My experiences in hiring hourly workers for my Thai food restaurant was also one of the inspirations for me starting Workstream today, as I personally witnessed and felt the pain of hiring and onboarding hourly and retail workers.


3. We created a menu which overlapped different ingredients

In order to keep the cost of goods low, we devised a menu that had at least 50 per cent overlap for every single main dish that we were selling, and tried to limit the number of main dishes to less than seven dishes. For example, we would use the same chicken meat for Tom Yum Curry Chicken, Pineapple Fried Rice and Pad Thai, and will also use the same peanuts and vegetables for different dishes as best as we can. We also tried to outsource the drinks and desserts that we sold by procuring them from a vendor that we knew complemented our food well, reducing the amount of overheads, cost and time from preparing the food on our own.
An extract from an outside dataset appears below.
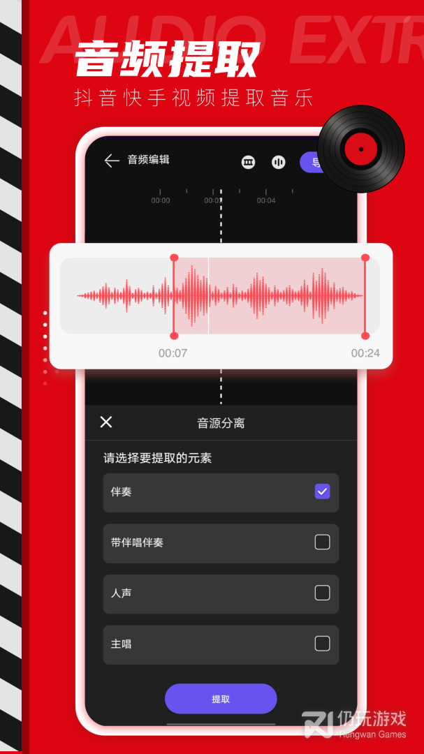 1、音频声音提取是一个专业的音频和音乐编辑器。有了音乐音频编辑,你可以编辑和录制音乐,声音和其他音频
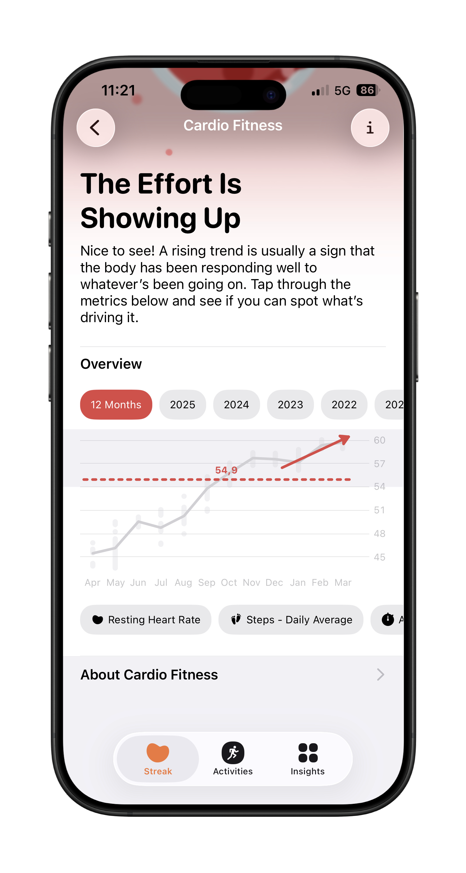 A aptidão cardíaca pode ser acompanhada dentro da seção Bem-estar, da aba Streak do aplicativo, junto com as demais métricas de saúde, através de um card gráfico que, quando tocado, apresentará o estado de tendência da métrica (aumentando, estável ou diminuindo) contextualizado, além de médias mensais a partir de um período de análise total anual.

4. We standardised operations and created a just in time strategy for our supplies and food

Similar to the Just in Time manufacturing standards popularised by Toyota, McDonald’s and General Motors, I standardised operations in the team such that there were structured steps, and any new person who joined the team will be able to get up to speed with 2 days of training and will be able to work with the team full-time and be fully efficient. We created online tutorials and made them into videos, and recorded them online so that people will be able to watch them.

We also created a just in time strategy for our supplies and food so that minimal food will be wasted every day (and if there were wastage, we donated them to the local YMCA). This was an important strategy as food waste is one of the highest cost for any food business.


“I do believe in the 80/20 rule, in which 80 per cent of the business came in at lunchtime and dinner time.”

5. We limited opening hours

This may sound simple, but I do believe in the 80/20 rule, in which 80 per cent of the business came in at lunchtime and dinner time. By simply trying to limit the opening hours, I was able to reduce the cost of labour, electricity and resources that could have been more leveraged upon during the busy periods. We also closed on Mondays to give everyone a break and re-energise, and focused our efforts on the timings of the week that had the most business.

Overall, bootstrapping and starting a restaurant was one of the fun entrepreneurial journeys I have ever gone on, which involved dressing up as a tree (think Treehouse restaurant), to learning to hire many people in a very short amount of time, and learning to manage financials and operations. It was definitely one of the meaningful experiences of my life, and it has laid the foundation for me to work on Workstream to impact and transform the hiring experiences for companies hiring hourly workers.


This article was originally published by Workstream and has been republished here with permission.


2 thoughts on “How I Bootstrapped and Started a Restaurant for $15,000

  1. Lewis

    A good suggestion for startup entrepreneurs. I believe the initial investment is potentially a killer.
    looking into second-hand equipment, and best sourcing effort will of cos helps.